Interviews Retour
mercredi 21 décembre 2011 - U-Zine

Metal : Apocalypse ?

Josh Lurienne

U-Zine

U-zine.org, webzine musical metal actif entre 2004 et 2015. Fermé en 2015 suite à sa fusion avec 2Guys1TV, ses articles (chroniques, live-report, interview, dossiers, ...) sont désormais disponibles directement sur Horns Up via ce compte !

Alors que tout bon metalleux qui se respecte connait au moins de nom Sam Dunn et ses reportages "Metal : Voyage au Coeur de la Bête", "Global Metal" ou "Iron Maiden : Flight 666", il est loin d'être le seul réalisateur lié au métal !

En effet, Josh Lurienne, un français qui plus est, est actuellement en pleine préparation d'un documentaire sobrement intitulé "Metal : Apocalypse ?". Nous avons voulu faire le point avec lui et en savoir plus sur son initiative ...
 

 

U-zine : Bonjour Josh, tu es scénariste, réalisateur et monteur vidéo. Tu projette de te lancer dans la réalisation d'un documentaire, Metal : Apocalypse ? Peut-tu tout d'abord te présenter, et détailler ton parcours professionnel comme musical ?

Bonjour Shawn ainsi qu’aux lecteurs d’U-Zine et merci beaucoup pour cette interview. Je ne suis pas un spécialiste pour me présenter, mais je dirais que je suis tombé dans la marmite du cinéma tout petit, en temps que cinéphile tout d’abord. Etant né au début des années 80, j’ai été bercé par les grandes sagas de l’époque avec les Indiana Jones, Star Wars, Retour vers le Futur et bien d’autres sagas. Par la suite, j’me suis mis à regarder tout genre de film et de tout pays. J’suis autant fan des films dialogués par Audiard, que des films plus contemplatif comme ceux de Terrence Malick ou des films de genres comme ceux de Romero ou Dario Argento. Comme tu peux voir, j’aime vraiment tout les genres. Je pense qu’il faut juste s’intéresser et découvrir tout les univers, car il y a vraiment des perles dans chaque registre.

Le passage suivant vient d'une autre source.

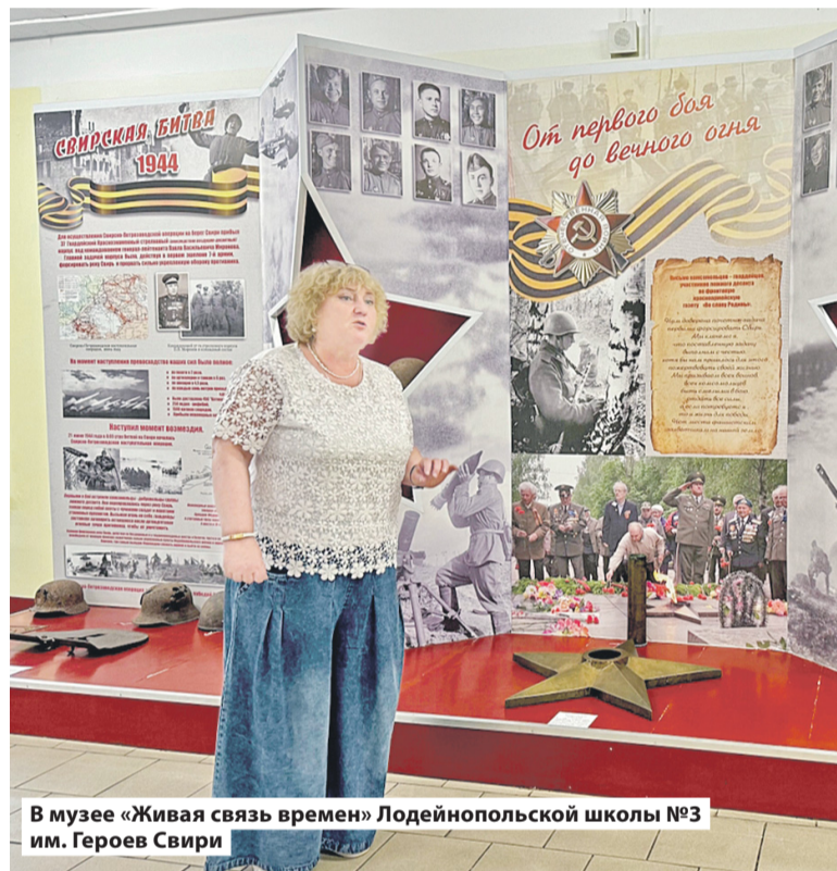
В музее «Живая связь времен» Лодейнопольской школы №3 им. Героев Свири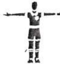
15. Спорный мяч.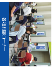
各種相談コーナー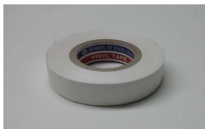
圖 3 白色電工膠帶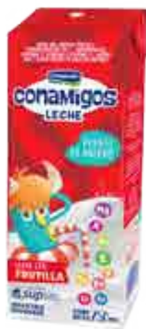
Leche Frutilla Conamigos Cont. Neto 250 ml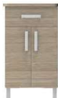
chevet 2 portes 1 tiroir 74-0183M 40x48x75 cm 30 kg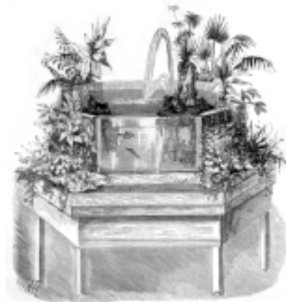
Вот так выглядел декоративный аквариум во времена Н.Ф. Золотницкого

Во второй половине двадцатого века, преимущественно в Германии, проводились неоднократные попытки развить идею декоративной оранжереи, совмещенной с аквариумом. Результаты впечатляли, но все же это было не совсем то, что нужно. Проблемы были очевидны и вызывались опять-таки отсутствием или труднодоступностью многих конструкционных материалов и необходимых источников освещения. Запотевание смотровых стекол, сложности с освещением аква-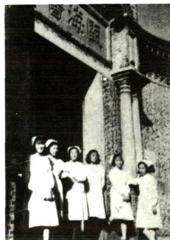
温州医学院附属第一医 院前身原瓯海医院大门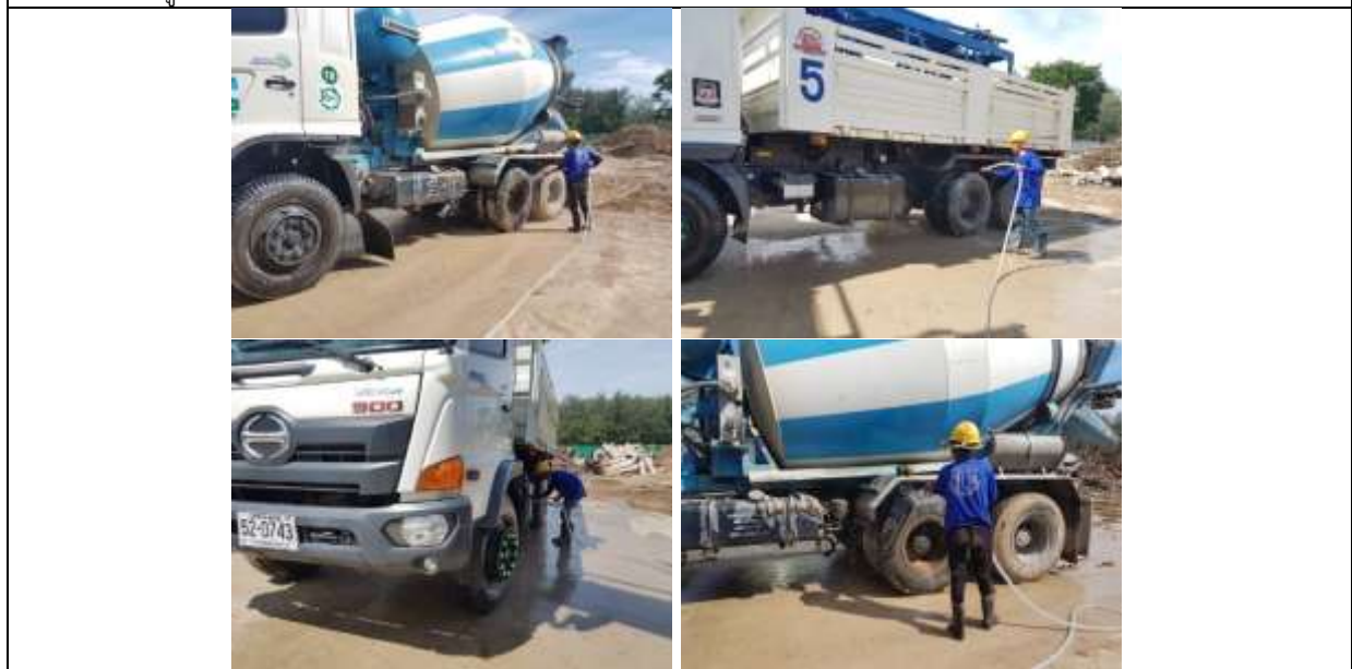
รูปที่ ๗7.7 คนงานล้างทำความสะอาดล้อรถบรรทุก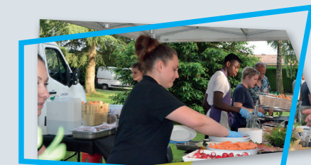
Barbecue des 3 parcs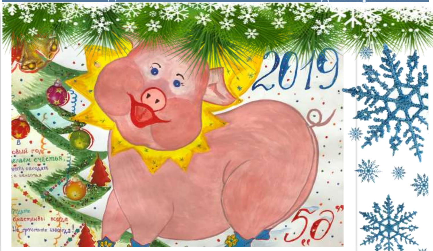
Стенгазета 5 «Д» класс

Здравствуй, наши дорогие читатели. Уже прошло целых полгода с того момента, как мы начали учиться в нашей замечательной школе в этом учебном году. На дворе декабрь, время волшебства и новогодних чудес, исполнения желаний и подарков от Деда Мороза. Ну и, конечно, как мы можем забыть про самую главную красавицу любого новогоднего торжества – Елку? В течение всего месяца мы находимся в очень позитивном и насыщенном настроении.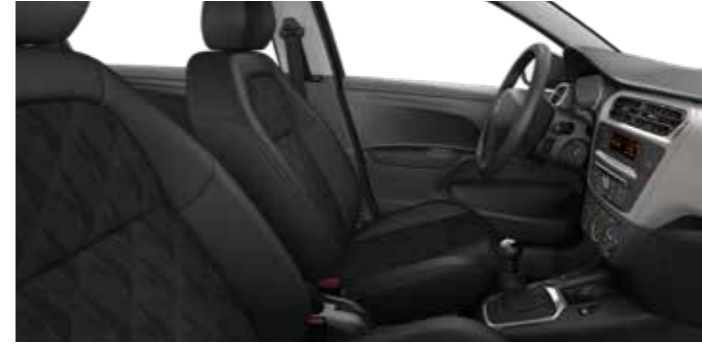
TISSU BIRDY MISTRAL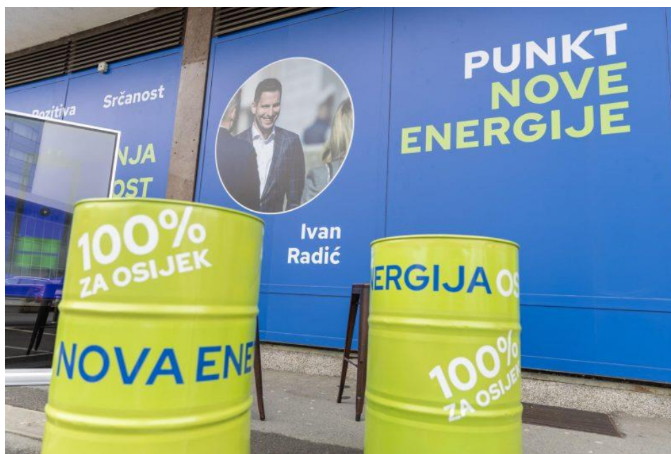
Slika 4 Punkt Nove energije, izvor: https://hdz-obz.com/www/?p=15555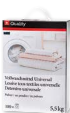
N° art. 815818 Detersivo universale in polvere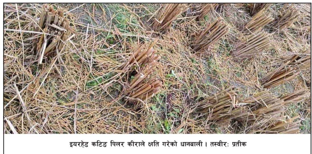
इयरहेड कटिड पिलर कीराले क्षति गरेको धानबाली।

धानबाली काटेर धमाधम भिऱ्याउँदै गरेको बुझिन आएको छ। बालालाई काटेर खेतमा झार्ने गरेकोले ठूलो मात्रामा धानबालीको क्षति भइरहेको स्थानीय किसानहरू बताउँछन्। कीरा नलागेको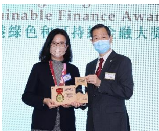
中國銀行(香港)有限公司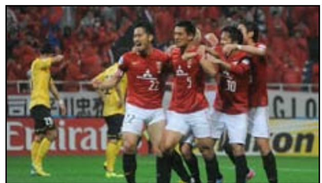
ريدز ينغرد بالصدارة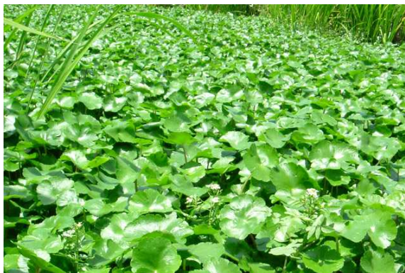
ブラジルチドメグサ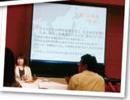
▶全肢P連「神奈川大会」分科会の様子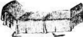
Sophabettstellen. Rahmenleib, schmeichelndes Gestell, mit Maträtze, Seit- und Zugfüßen, für beidseitige Klammereinstellung sehr zu empfehlen, schon von 12 Mark an.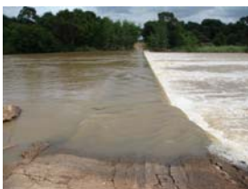
Over deze dam naar Botswana, 25 cm water

Wilt u meer weten, belt u voor meer informatie. 06-12048954. www.nijweidejachtreizen.nl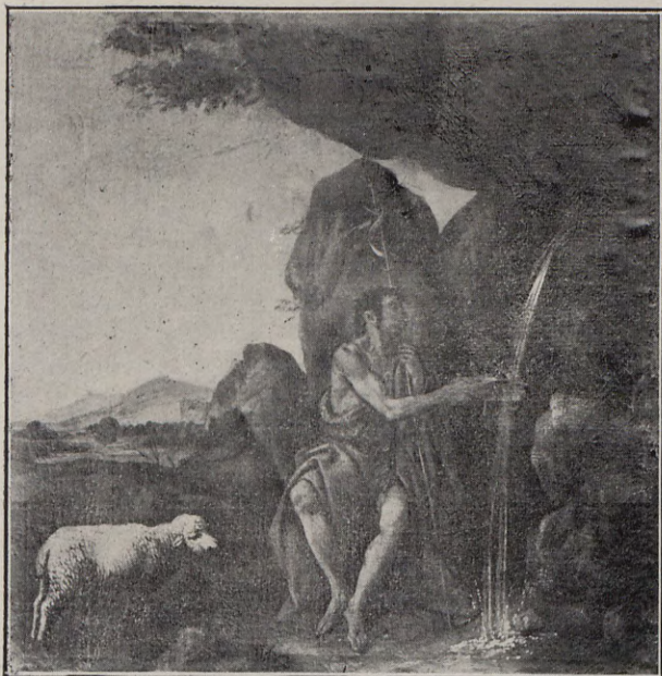
150. — PEDRO ORRENTE SAN JUAN EN EL DESIERTO (Instituto General y Técnico de Toledo)

comprometían a que el Greco se enterrase en Sto. Domingo el Antiguo, se hartaron los modernos eruditos de llamar embustero al pobre Palomino. Pero luego se descubrió otro contra-documento por el que aparece que Jorge Theothocopuli, el hijo del Greco, tuvo que sacar apresuradamente de Sto. Domingo los restos de su padre y comprar para sus descendientes una modesta sepultura en San Torcuato. ¿Quién no dice que el día de mañana no aparezca otro tercer documento por el que se acredite que el Greco fué llevado a San Bartolomé de Sansoles, que está junto a San Torcuato? ¿Por qué negar veracidad a los testigos que vieron el sepulcro del Greco, con una reja encima para que nadie pisase sobre su lápida? ¿Por qué querer nosotros saber las cosas mejor que los contemporáneos de los sucesos? ¿Por qué no han de dormir juntos el último sueño el maestro y el discípulo? Hoy la iglesia de San Bar-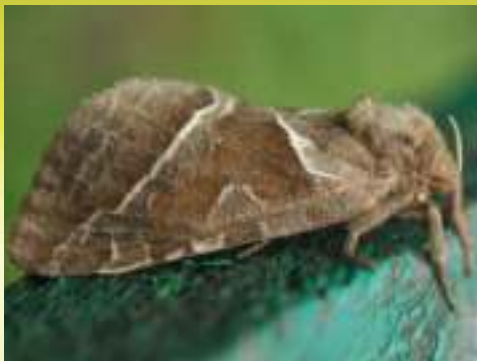
Тонкопяд лесной – Triodia silvina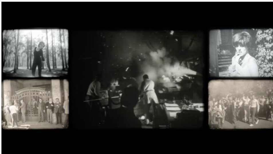
Figura 2. Fotograma tomado del film Cuatrerros (2016).

En el pasaje al monocanal se puede apreciar un movimiento doble. Un formato de esas características implicó repensar la idea de sucesión y simultaneidad que generaba la instalación. Frente a esto la directora tomó la decisión de colocar sucesivos recortes de cuadros en varios formatos y tamaños dentro del mismo lienzo de la única pantalla. Finalmente, en el segundo de los casos, el resultado de la historia son imágenes que “estallan” con mayor velocidad mientras la voz del relato nos sumerge en una sucesión constante de emociones. Este gesto es ahora una profanación radical sobre los materiales, sintetizado en palabras de la investigadora Natalia Taccetta: “No se piensa el archivo como la sacralización de un conjunto de documentos, sino como una apertura a la profanación de los posibles decibles y como un repositorio desde el cual escribir las historias no-escritas, los saberes locales históricamente marginados” (23).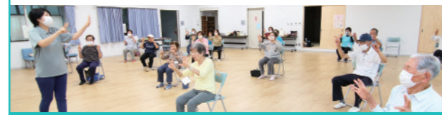
保健福祉課 ☎ 22-3030

時間 ▶ 両会場とも午前10時スタート 内容 ▶ イスに座ってできる体操など 持ってくるもの ▶ 室内履・飲み物・タオル等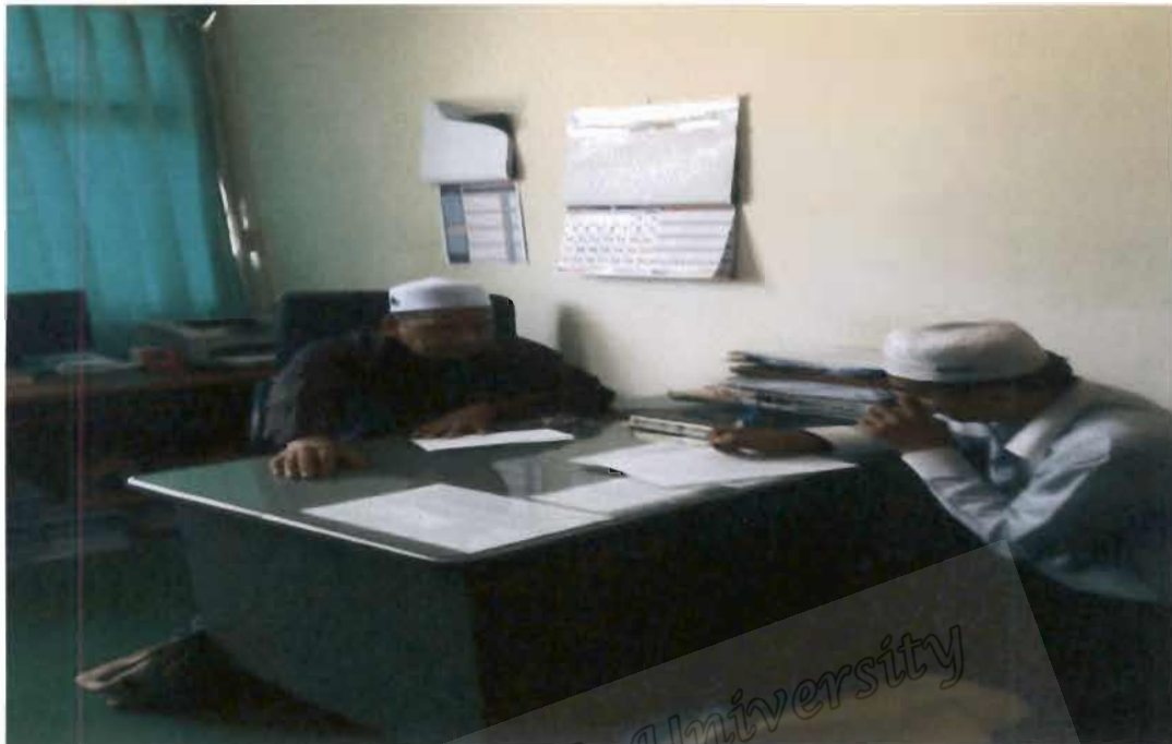
ภาพที่ 15 กรรมการกลางอิสลามแห่งประเทศไทย ผู้แทนจังหวัดนราธิวาส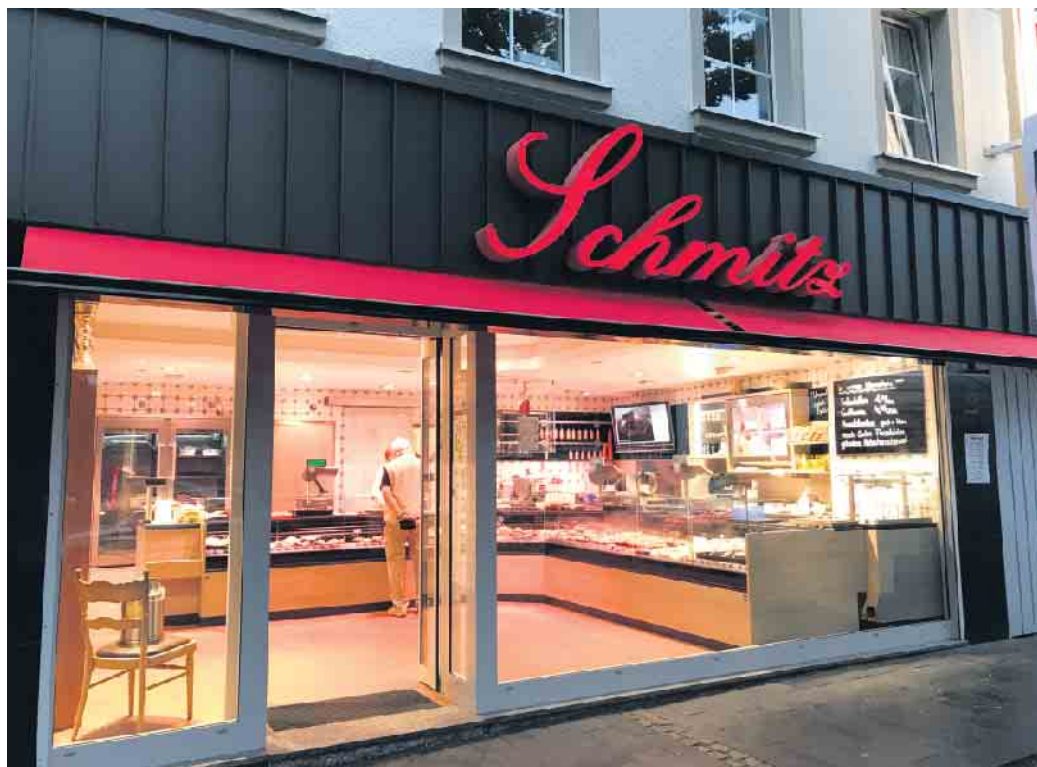
So präsentiert sich die Metzgerei Schmitz heute nach Umbau und Modernisierung

Hier erhält man im wahrsten Sinne des Wortes „Hausgemachtes“. Der größte Teil der Waren wird noch selbst produziert. Qualität ist keine Floskel, sondern Überzeugung. So ergibt sich bei Fleisch- und Wurstwaren eine fein abgestimmte Mischung aus Bodenständigkeit und Probiervfreude, Tradition und Innovation. Qualität eben, die man schmeckt. Das Fleisch stammt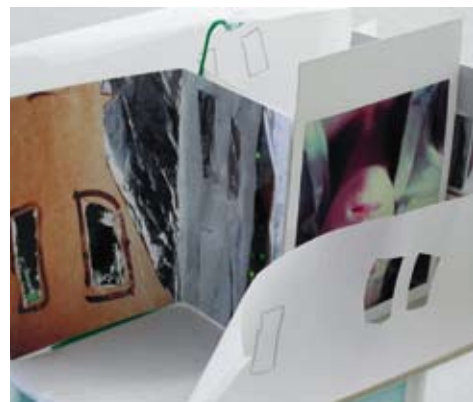
[ 40 ]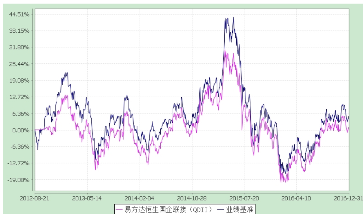
易方达恒生中国企业交易型开放式指数证券投资基金联接基金 份额累计净值增长率与业绩比较基准收益率历史走势对比图 (2012年8月21日至2016年12月31日)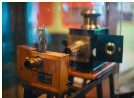
▲ Kinematograf braci Lumière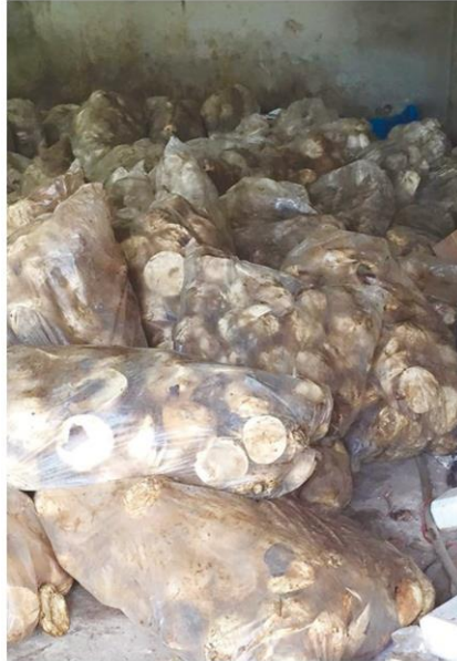
ยางก่อนวัย

สิงหาคม 2559 ที่ผ่านมา เพิ่มขึ้นร้อยละ 18.37 สินค้าสำคัญที่ผลผลิตเพิ่มขึ้น ได้แก่ ข้าวเปลือกเจ้า ข้าวโพดเลี้ยงสัตว์ ยางพารา สับปะรดโรงงาน และปาล์มน้ำมัน สินค้าสำคัญที่ผลผลิตลดลง ได้แก่ ทูเรียน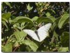
Una aporia crataegis ad ali aperte

Pietro Marcheselli - Olympus Camedia 3000 2004 - Estate - Savignone - Fiori&Fauna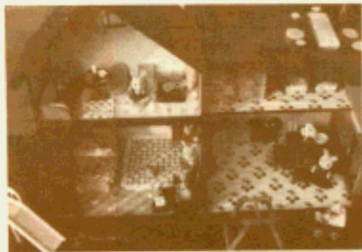
No407061 寺上 美穂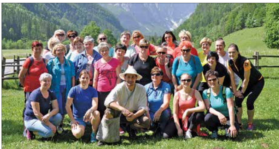
Članice Gasilske zveze Zgornje Savinjske doline v Logarski dolini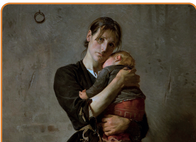
Forladt. Dog ej af venner i nøden DET MODERNE GENNEMBRUD

Concernant mon parcours professionnel, étant issue d’un milieu ouvrier la tâche n’a pas été évidente. J’ai tout d’abord commencé par faire des films avec des amis d’Honfleur (ville où je suis né) puis il m’est venu l’idée de faire une école de cinéma mais je n’avais pas les moyens financiers pour m’en payer une. A cette époque, je travaillais dans une société métallurgique et au bout de quelques temps on a découvert que j’étais atteint de la spondylarthrite ankylosante et que du coup je ne pouvais plus travailler dans cette entreprise. La médecine du travail m’a donc parlée d’un organisme, appelé le Fongécif, qui finance des reconversions professionnels. C’était donc l’occasion ou jamais de faire une école de cinéma. J’ai donc quitté ma Normandie pour entrer à l’école de cinéma ETTIC basé à Gennevilliers en région parisienne. Une fois mon diplôme obtenue, j’ai commencé à travailler dans une association audiovisuelle (qui est devenue par la suite une société) que j’ai créée avec une personne de ma promo. J’y ai fait mes premières armes essentiellement en temps que monteur-vidéo sur plusieurs projets de films d’entreprises et des reportages. Par la suite, j’ai eut l’occasion de travailler pour Universal Studios pour couvrir l’évènement de la sortie du film « La Légende de Despéraux ». Aujourd’hui, j’ai l’intention de mettre de côté le montage-vidéo pour me concentrer de plus en plus sur la réalisation.
 

U-zine : Explique-nous comment t'es venue l'idée de réaliser un documentaire sur le metal ?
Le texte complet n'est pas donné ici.